Freelancing is not a trend, it’s here to stay

Pour celles et ceux qui pensent que le freelancing est un effet de mode, ou juste un truc pour les développeurs et les digital nomades, détrompez-vous !

À toutes celles et ceux qui pensent que le “freelance est un mercenaire non engagé”, prenez 5 minutes pour lire cet article.

Depuis la création de Social Declik, il y a un an et demi, on a pu discuter avec énormément de freelances ! Il y a notre ressenti après tous ces échanges, il y a les échos et les clichés que l’on entend sur les freelances mais il y a aussi les chiffres !

Et on peut vous dire que le freelancing n’est pas un effet de mode ! Mais bel et bien, un statut qui sera partie intégrante du “Futur Of Work”.

BCG et Malt ont sorti leur dernière étude sur le freelancing en Europe et pour l’occasion ils ont organisé un webinar pour parler du Freelancing in Europe 2022

Alors, quelle est l’évolution du freelancing ? Quelles sont les raisons pour se mettre en freelances ? Est-ce que les freelances sont satisfaits de leur statut ?

Retour sur ce webinar qui présentait 3 stereotypes que l’on a sur les freelances.

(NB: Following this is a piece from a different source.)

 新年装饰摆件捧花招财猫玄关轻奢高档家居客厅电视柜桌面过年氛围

Dans cet article, on se concentre sur les tendances en France.

Stereotype 1 : Les freelances sont uniquement des personnes de la tech

Il est vrai qu’au début, c’était surtout des profils tech et designers qui s’établissaient en tant qu’indépendant / Freelance. La raison ? Ces profils travaillaient habituellement dans des agences ou des Entreprises de Services du Numérique (ESN). Ils ont donc déjà l’habitude de travailler sur différents projets pour différents clients. La transition vers le freelancing se fait donc naturellement et la gestion des différentes missions n’est pas une difficulté pour eux.

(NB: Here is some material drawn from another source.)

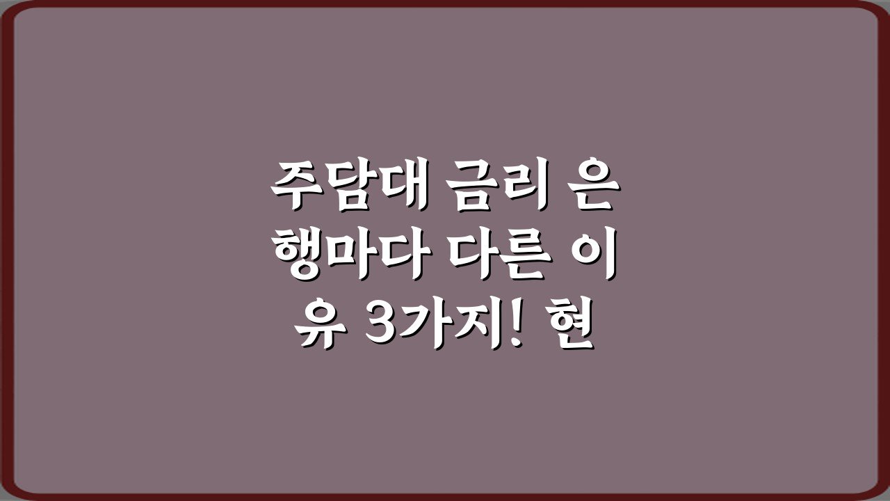 **메타 설명:** 주담대 금리가 은행마다 다른 진짜 이유 3가지! 이 정보로 수백만원 아끼는 현명한 대출 선택을 위한 필수 가이드를 확인하세요.

Mais on voit que 2020 et 2021 a marqué un tournant ! De plus en plus de métiers de gestion dit “support” comme les Ressources Humaines, la finance, les achats, le juridique voit le jour en tant que freelance.

D’après les études de Malt, on observe une croissance de 40% d’inscrits entre 2020 et 2021 et cette croissance est de 63% sur des postes des fonctions Support.

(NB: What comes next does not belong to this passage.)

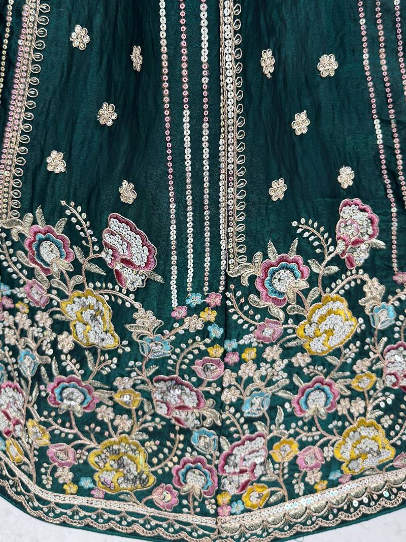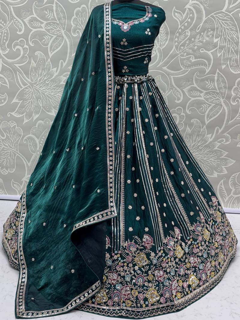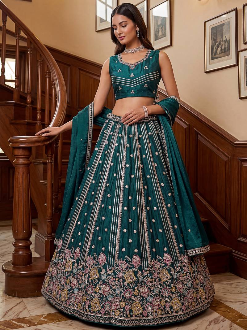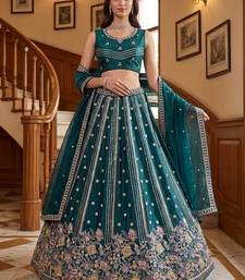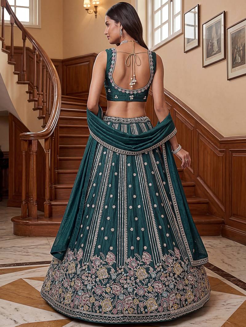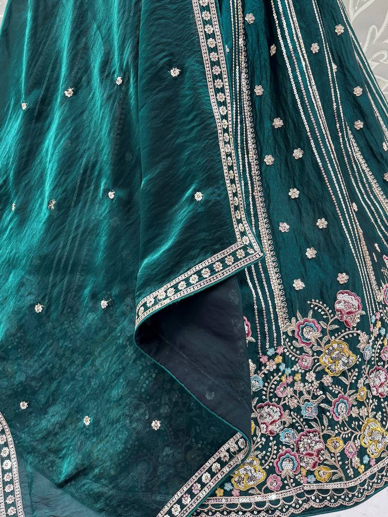 | Product Description | The Lehenga Is Designed In A Rich Deep Teal Green Organza Fabric, Beautifully Highlighted With Dori Embroidery, Multi Thread Floral Detailing, Zari Work, And Subtle Sequin Accents That Enhance Its Graceful Look.

Aujourd’hui, la tech représente toujours une majeure partie des freelances et cette part continue de croître notamment avec l’accélération de la digitalisation des entreprises pour faire face au covid.

Stereotype 2 - Les freelances ne travaillent que pour des startups.

Sur la plateforme Malt, seulement 14% des freelances travaillent pour des grandes entreprises. Le reste pour des petites et moyennes entreprises.

Encore une fois, on voit un changement de fond.

Les grandes structurent réalisent depuis peu le potentiel des freelances et se tournent de plus en plus vers le freelancing. On vous explique pourquoi.

Première raison, un freelance c’est avant tout un entrepreneur. Il apporte son expertise mais aussi ses soft skills d’entrepreneur. En travaillant avec différents clients, il va être plus agile, plus à l’aise de challenger les statuts-co, il a moins peur de la hiérarchie et il se forme en continue.

La deuxième raison vient des individus. La tendance depuis plusieurs années, qui s’est fortement accéléré avec la crise du Covid 19, est le besoin de flexibilité. Selon Viviane, de BCG, quelques années auparavant, les critères pour trouver un emploi en salarié était le job, le salaire, la situation géographique. Mais depuis quelques mois, le critère de la flexibilité est de plus en plus présent.

Les talents ont envie de flexibilité et se lancent donc de plus en plus en freelances ! Les structures s’adaptent alors à cet essor.

Stereotype 3 - Les freelances ne sont là que pour l’argent

Ce stéréotype est faux ! Quand on demande aux freelances : quelles sont vos motivations pour choisir ce projet plutôt qu’un autre ?

La première réponse est : l’intérêt pour le projet.

Non seulement parce qu’ils sont intéressés par cette mission mais aussi parce que le projet va leur permettre de monter en compétences et sur le long terme de rester à jour sur le marché afin de booster leur employabilité. 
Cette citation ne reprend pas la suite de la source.